At the moment, it looks like Claude Code does not support using ‘temperature’ or ‘seed’ flags. It would be awesome if they add that.

Using the request to use a seed within the prompt will mean that when Claude rights the code it could use that seed inside what it writes for randomize functions. But sadly it wouldn’t impact Claude’s own text generation’s determinism.

There is active interest on GitHub to support this. But the most recent issue with it I could see was closed in July as “not planned”


Thank you, and yes! That is what I already frequently do for quick automation tasks.

As you say, Claude is actually very good at writing shell scripts and using tools on-the-fly. But I know there is an AI-confidence factor involved for developers making the choice to leverage that.

For simple tasks (in practice) I already find you can often prompt the whole thing.

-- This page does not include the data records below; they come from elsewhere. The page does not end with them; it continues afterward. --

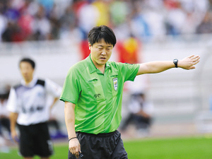 昨天的比賽頗有戲劇性,兩隊在比賽中的機會都很多,但最終都沒有通過努力獲得進球,而是主裁趙亮的兩個點球判罰,才讓本場比賽避免了零進球的尷尬。由于金德隊尚有降級之憂,因此昨天他們雖然是客場作戰,但打得并不保守,進攻時照樣敢于投入兵力。第34分鐘,金德隊獲得良機,關震先是撲出了金德隊員的一腳勁射,但是皮球卻落在了插上的文虎一面前,關震起身再撲文虎一腳下球,后者突然倒地,結果被主裁趙亮判罰犯規,金德隊獲得點球。金德隊外援金殷中主罰點球命中,1:0。失球后的舜天隊加強了進攻力度,三分鐘后榮昊插入對方禁區被金德后衛放倒,趙亮再次判罰了點球,薩薩騙過了國門宋振瑜將球穩穩罰進,1:1。
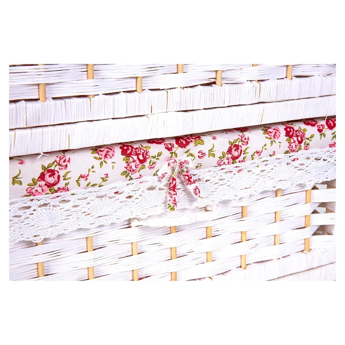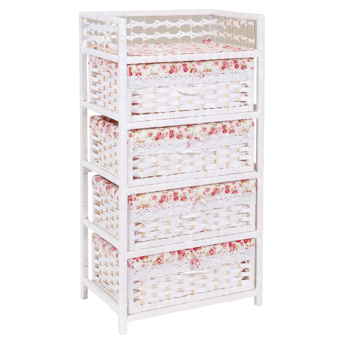 Ein Hauch von Nostalgie und Eleganz, der Ihr Herz höherschlagen lässt! Die Kommode verzaubert mit ihrer modernen Flecht-Optik und den geräumigen Fächern jeden Tag aufs Neue: Das romantische Rosenmotiv schafft eine warme Atmosphäre. Gleichzeitig sorgen zarte Rüschenbänder und hübsche Schleifchen für einen bezaubernden Blickfang.
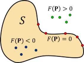 如上圖所示,該函數(shù)最重要的特性是:實體外部點對應(yīng)的函數(shù)值是正數(shù),但內(nèi)部點的函數(shù)值則是負(fù)數(shù),同時函數(shù)結(jié)果的絕對值即為點與實體的距離。學(xué)術(shù)一點的說,如果F是實體S的隱式函數(shù),那么當(dāng)點P在S內(nèi)時,F(xiàn)(P)<0,當(dāng)P在S外時,F(xiàn)(P)>0。當(dāng)然,如果點P正好在S的邊界處,則F(P)=0。
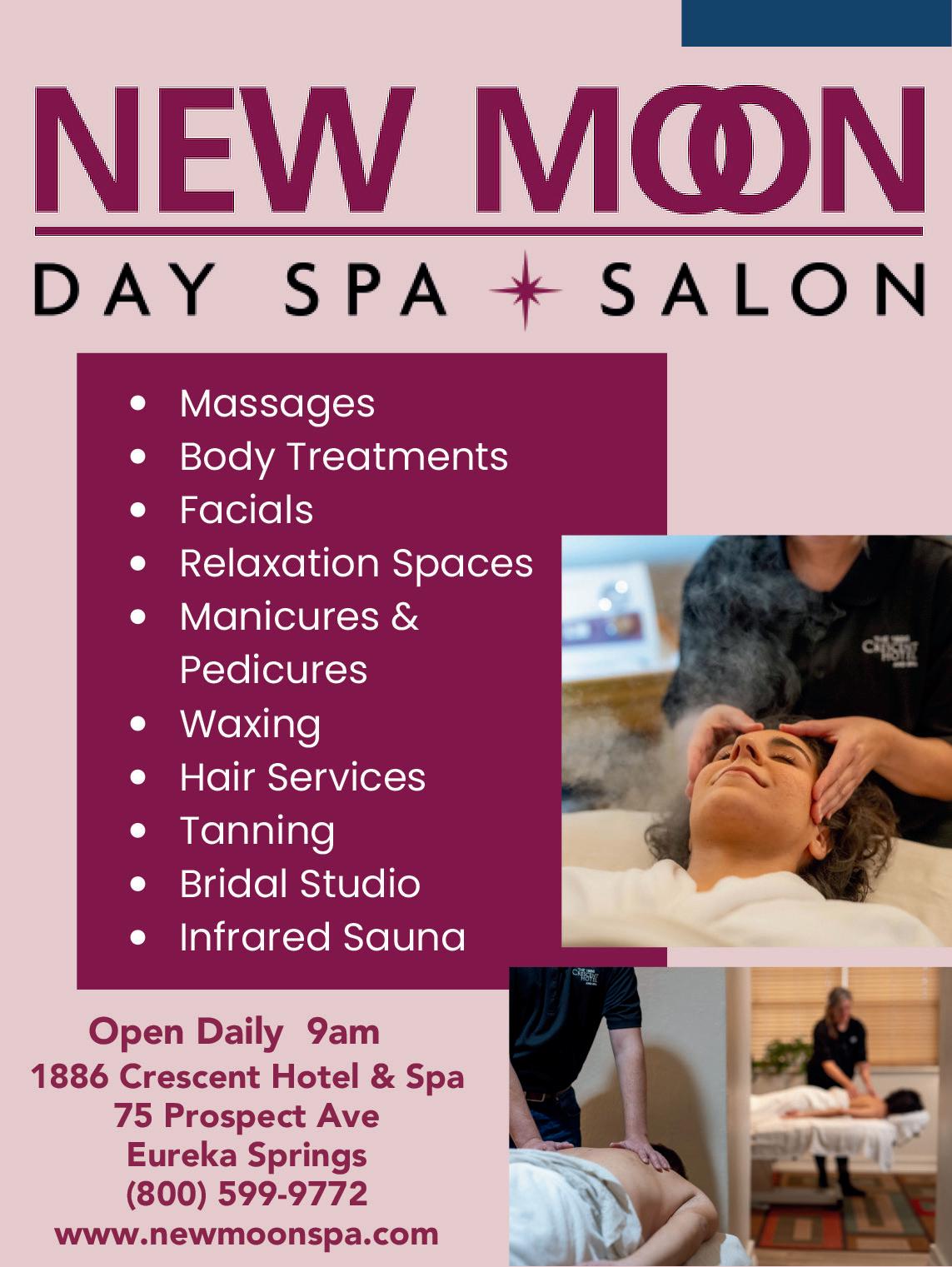 Whether you’re just visiting Eureka Springs or you’re blessed enough to live here, there’s nothing like a little self-care, and there are a couple of fantastic options right here in town at the New Moon Spa & Salon and Spa 1905.
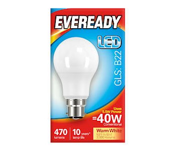 Eveready LED GLS 5.6w 470lm Warm White 3000k B22 s372300
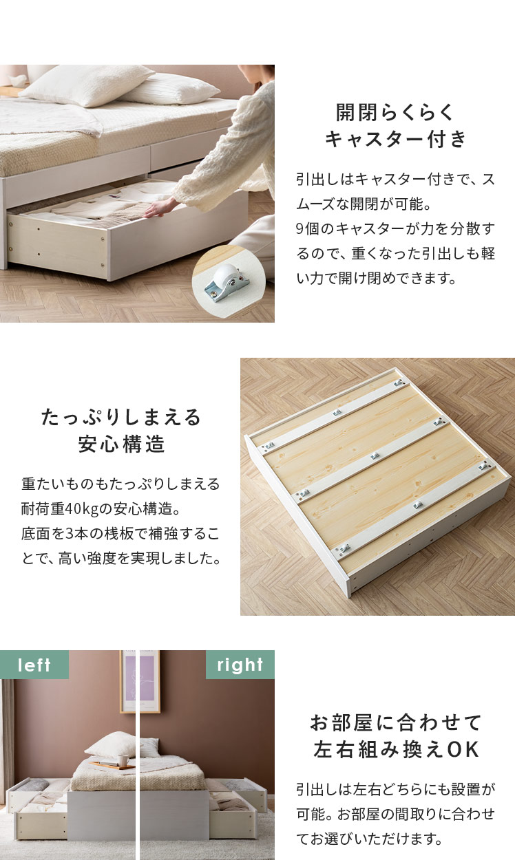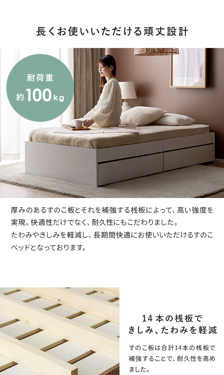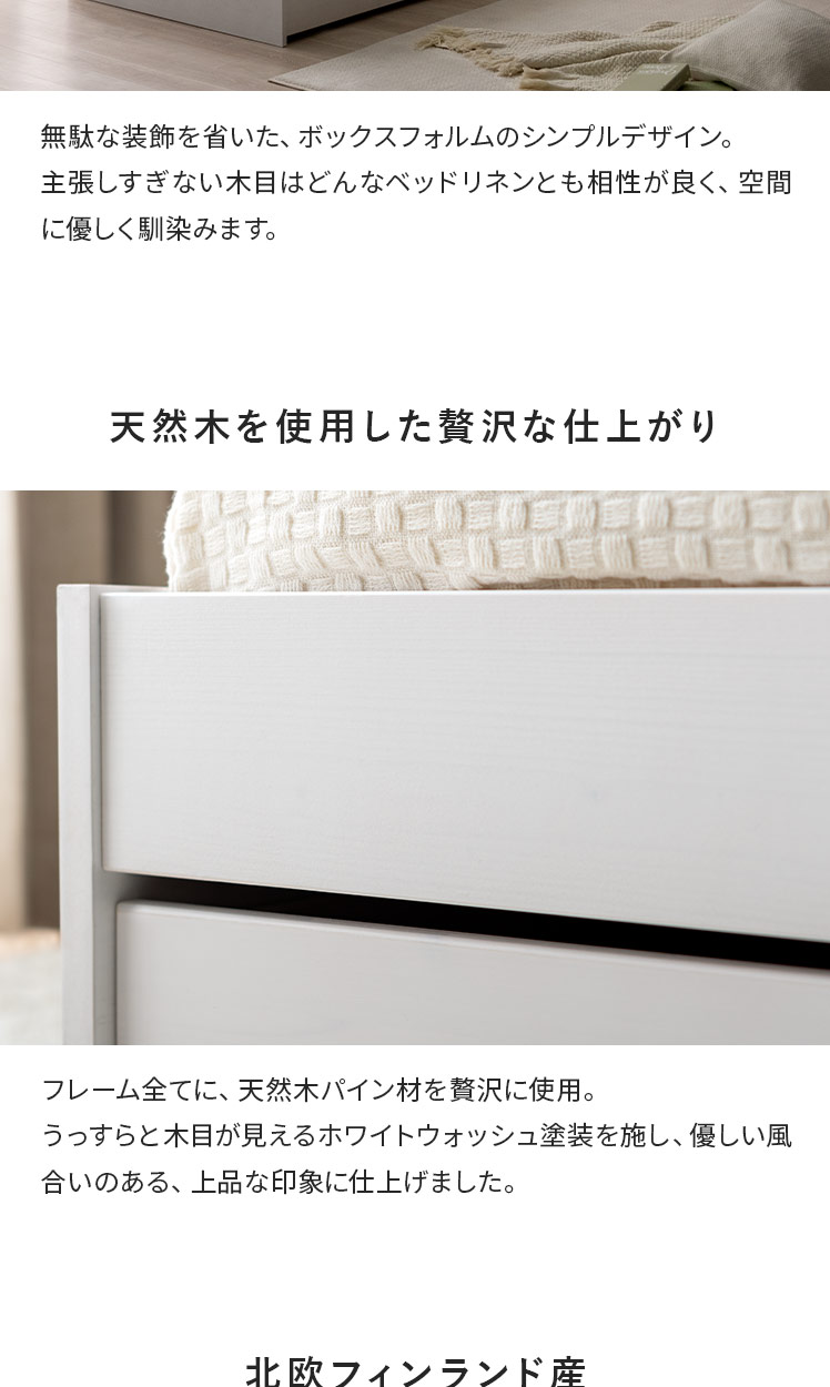 天然木 木製 ベッドフレームのみ シンプル モダン ウッド パイン材 ベッド下収納 シングル シングルベッド 収納付き 引き出し付き チェストベッド 収納ベッド 白 ナチュラル ホワイト【5%OFFクーポン対象|公式なら毎日お得】

For tasks where you already have the other traditional scripts or building blocks, or where it is complex, then you might break it up.

Interestingly, you can intermix these approaches.

You can have runnable markdown that writes and runs scripts on the fly, mixed with running command line tools, and chained along with traditional tools in a bash script, and then call that script from a runnable markdown that passes in test results, or analyzes the code base and passes recommendations in.

The composability and ability to combine and embed code blocks and tool use within plain language is quite powerful. I’m still learning how to use this.

I’m glad it is already useful and thank you.


Also +1 to using containers and sandboxed environments! It means you can yolo it and skip permissions dangerously to experiment with vibe automation :)

More seriously, I agree that setting permissions to the minimum needed for the task and using sandboxed containers is sensible.


There are some tasks that LLMs are good at, but which can be hard to do with traditional command line tools or scripts. This is true even when you are a skilled coder and expert in Shell scripting. Examples include summarization, judgement-based evaluation, formatting etc.

Executable markdown provides a method of building these tasks into traditional pipelines as small, single-task-focused, composable modules. They also have the advantage that they can be easily shared and re-used.


I’m still not clear on why a shell script with comments (shell being a very clear way to explain commands to executive) is not as good as a text file which then has some poor man’s shell superimposed on it.


Thanks, it’s great to see people trying different approaches to runnable prompts and variations on literate programming. I think it’s an area with a lot of potential, and I expect there will be a lot of interesting ideas come out of it.